Data sharing and task re-balancing strategy used by MT-Opt. The robots generate episodes which then get labelled as success or failure for the current task and are then shared across other tasks.

MT-Opt uses Q-learning, a popular RL method that learns a function that estimates the future sum of rewards, called the Q-function. The learned policy then picks the action that maximizes this learned Q-function. For multi-task policy training, we specify the task as an extra input to a large Q-learning network (inspired by our previous work on large-scale single-task learning with QT-Opt) and then train all of the tasks simultaneously with offline RL using the entire multi-task dataset. In this way, MT-Opt is able to train on a wide variety of skills that include picking specific objects, placing them into various fixtures, aligning items on a rack, rearranging and covering objects with towels, etc.

Compared to single-task baselines, MT-Opt performs similarly on the tasks that have the most data and significantly improves performance on underrepresented tasks. So, for a generic lifting task, which has the most supporting data, MT-Opt achieved an 89% success rate (compared to 88% for QT-Opt) and achieved a 50% average success rate across rare tasks, compared to 1% with a single-task QT-Opt baseline and 18% using a naïve, multi-task QT-Opt baseline. Using MT-Opt not only enables zero-shot generalization to new but similar tasks, but also can quickly (in about 1 day of data collection on seven robots) be fine-tuned to new, previously unseen tasks. For example, when applied to an unseen towel-covering task, the system achieved a zero-shot success rate of 92% for towel-picking and 79% for object-covering, which wasn’t present in the original dataset.

Example tasks that MT-Opt is able to learn, such as instance and indiscriminate grasping, chasing, placing, aligning and rearranging.
Towel-covering task that was not present in the original dataset. We fine-tune MT-Opt on this novel task in 1 day to achieve a high (>90%) success rate.

Learning with Actionable Models
While supplying a rigid definition of tasks facilitates autonomous data collection for MT-Opt, it limits the number of learnable behaviors to a fixed set. To enable learning a wider range of tasks from the same data, we use goal-conditioned learning, i.e., learning to reach given goal configurations of a scene in front of the robot, which we specify with goal images. In contrast to explicit model-based methods that learn predictive models of future world observations, or approaches that employ online data collection, this approach learns goal-conditioned policies via offline model-free RL.

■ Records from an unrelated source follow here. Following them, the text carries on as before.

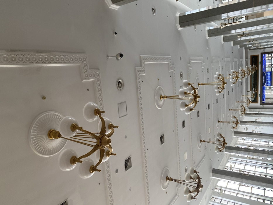 The photograph depicts an interior ceiling, likely of a grand hall or building. It features a series of decorative chandeliers with white glass globes and ornate gold fixtures. The ceiling is white with decorative molding, recessed lighting, and security cameras. A long, receding line of support beams and windows can be seen on the right side of the image, adding depth to the perspective.
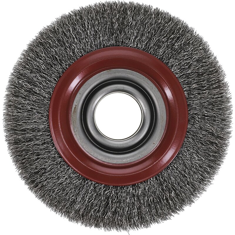 Mehrreihige Rundbürste mit gewelltem Draht in Industriequalität zur Aufnahme auf stationäre Maschinen. Für Werkbankschleifer oder Tischentgratern zum Entrosten, Entlacken, Reinigen, Aufrauen oder Entgraten.
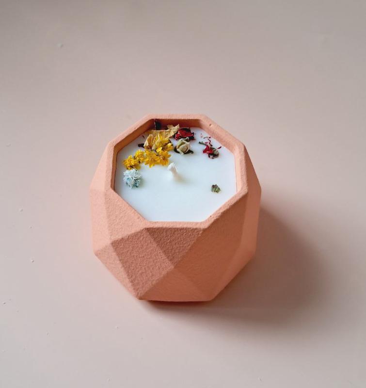 Свеча ручной работы персиковый цвет
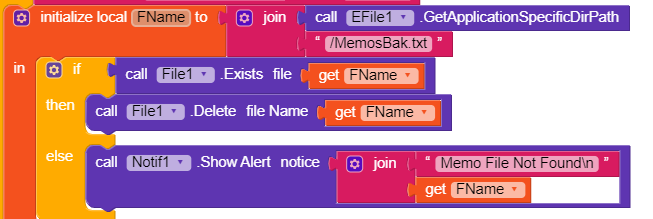 With the extension EFile I am able to write a file to this directory. With the built-in Storage-File blocks I’m not able to write to or share files from this directory. It says the file does not exist. I found a file manager, after a lot of searching, that shows me the file is there. EFile does not have a delete method.
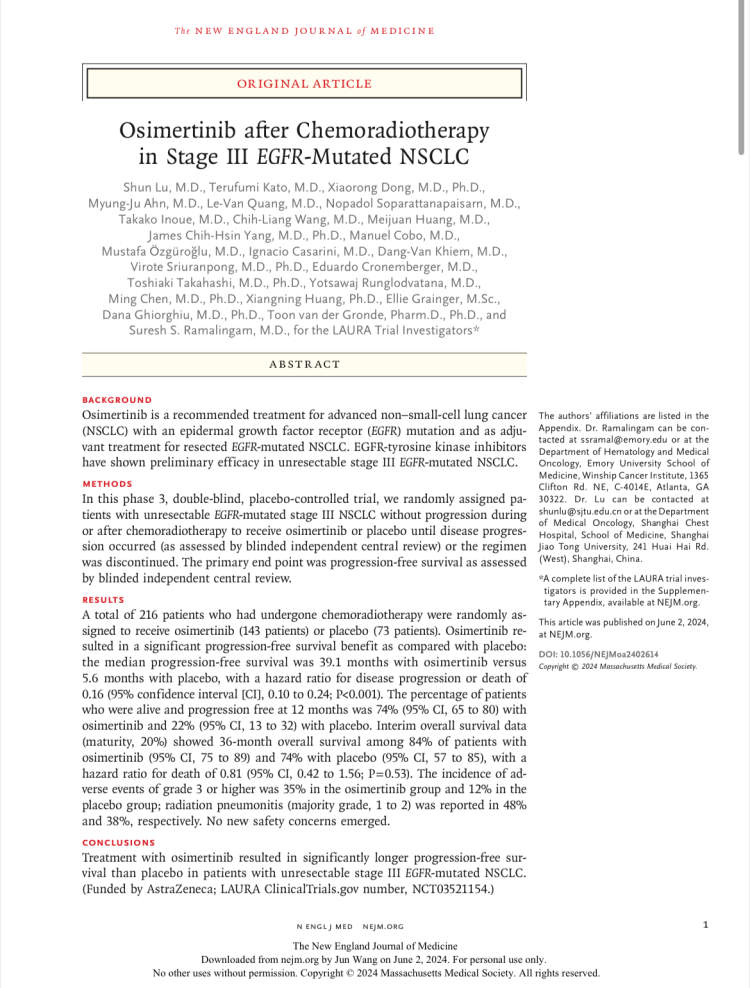 2024年美国临床肿瘤学会年会上,LAURA研究成果也做了“全体大会报道”发言,获得全球肿瘤学领域专家的热议和好评。此项研究成果的发表,标志着Ⅲ期不可切除非小细胞肺癌患者靶向治疗模式的成功,或将改写今后的治疗格局。下一步,LAURA研究还将在延长患者总生存期、转移病灶治疗效果等方面做出进一步探索。
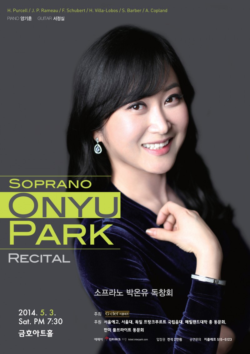 소프라노 박온유(고 박춘규 딸) 독창회 : 5월 3일 (토)저녁 7:30 금호아트홀-내용 수정
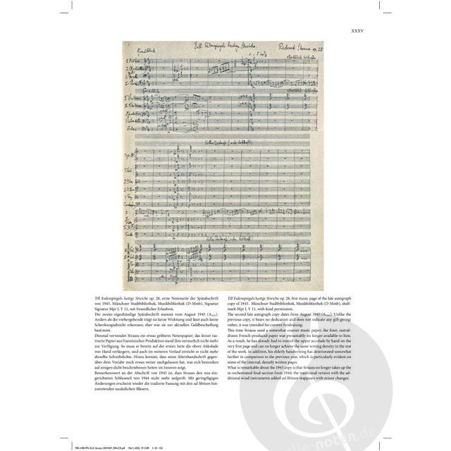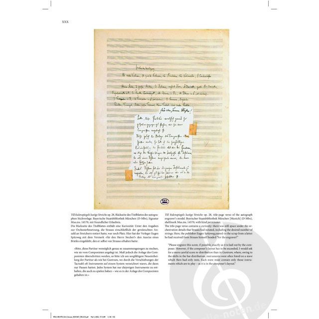Mit Till Eulenspiegels lustige Streiche op. 28 gelang Richard Strauss im Jahr 1895 eine zeitlos populäre Tondichtung, die bis heute zum anspruchsvollen Konzertrepertoire gehört. Bereits im ironisierenden, die Form eher verrätselnden als klärenden Untertitel "Nach alter Schelmenweise in Rondeauform für großes Orchester gesetzt" zeigt sich eine neue Seite des Komponisten, die dann auch die Musik durchzieht: musikalischer Humor. Die Quellenlage zum Till Eulenspiegel ist geradezu üppig: Neben den Quellen aus der Entstehungszeit existieren auch zwei späte Abschriften der gesamten Partitur, die Strauss persönlich in den Jahren 1944 ("Dem braven Till zum 50. Geburtstag!") und 1945 angefertigt hat. Als wertvolle Sammlerstücke sollten sie den Kindern und Enkeln in den Kriegs- und Krisenjahren eine materielle Stütze bilden. Dazu gehört ein mit Eintragungen versehenes Handexemplar der Partitur. Es handelt sich hier durchaus nicht um notengenaue Kopien, vielmehr spiegeln sie in zahlreichen, zumeist kleinen Veränderungen am Notentext rund 50 Jahre Aufführungserfahrung wider. Unsere Edition berücksichtigt erstmalig sämtliche Quellen und stellt einen Notentext bereit, der von vielen altbekannten Zweifelsfällen bereinigt ist und etliche kleine Detailverbesserungen enthält, darunter auch bislang unbekannte Metronomzahlen, die Strauss einem belgischen Dirigenten brieflich mitteilte. Für die musikalische Praxis dürfte es besonders interessant sein, dass Strauss 50 Jahre nach der Komposition die Instrumentation im Schlussteil neu eingerichtet hat. Ursprünglich sollten hier sieben zusätzliche Hörner und Trompeten ad libitum hinzukommen; im Kriegsjahr 1944 lässt Strauss sie komplett entfallen und verteilt deren Noten geschickt auf andere Instrumente, so dass die Reduktion kaum auffällt und das klangliche Resultat gegenüber der ursprünglichen Aufführungsoption ohne Zusatzinstrumente verbessert ist. Diese attraktive Variante ist als Anhang zum traditionellen Schluss im Band enthalten.
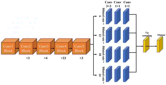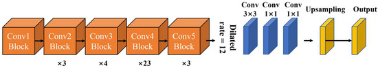 Atrous convolution was used for two reasons. First, it increases the receptive field. Second, various sizes can be responded to by adjusting the dilation parameters. This can be exploited to reduce the number or size of the pooling layers to cover a wide receptive field with the same number of filters, thereby reducing the overall number of parameters. The DeepLab model uses atrous convolution. The structure of each model is shown in Figure 5 and Figure 6, respectively.
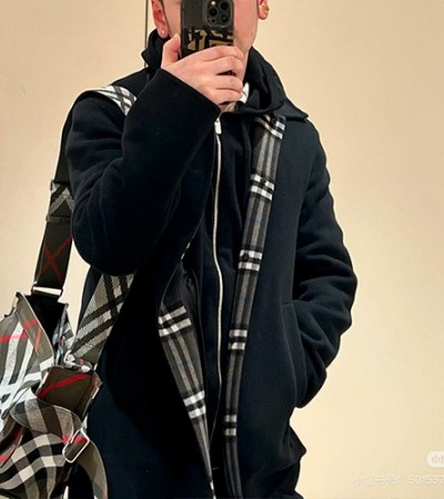 • [홍콩명품.Burberry] 버버리 25SS 로고 체크패턴 리버서블 후드 바람막이 자켓 (카라멜-블랙), BM24011, PG, 레플리카의류,미러급사이트

To learn to reach any goal state, we perform hindsight relabeling of all trajectories and sub-sequences in our collected dataset and train a goal-conditioned Q-function in a fully offline manner (in contrast to learning online using a fixed set of success examples as in recursive classification). One challenge in this setting is the distributional shift caused by learning only from “positive” hindsight relabeled examples. This we address by employing a conservative strategy to minimize Q-values of unseen actions using artificial negative actions. Furthermore, to enable reaching temporary-extended goals, we introduce a technique for chaining goals across multiple episodes.

Actionable Models relabel sub-sequences with all intermediate goals and regularize Q-values with artificial negative actions.

Training with Actionable Models allows the system to learn a large repertoire of visually indicated skills, such as object grasping, container placing and object rearrangement. The model is also able to generalize to novel objects and visual objectives not seen in the training data, which demonstrates its ability to learn general functional knowledge about the world. We also show that downstream reinforcement learning tasks can be learned more efficiently by either fine-tuning a pre-trained goal-conditioned model or through a goal-reaching auxiliary objective during training.

Example tasks (specified by goal-images) that our Actionable Model is able to learn.

Conclusion
The results of both MT-Opt and Actionable Models indicate that it is possible to collect and then learn many distinct tasks from large diverse real-robot datasets within a single model, effectively amortizing the cost of learning across many skills. We see this an important step towards general robot learning systems that can be further scaled up to perform many useful services and serve as a starting point for learning downstream tasks.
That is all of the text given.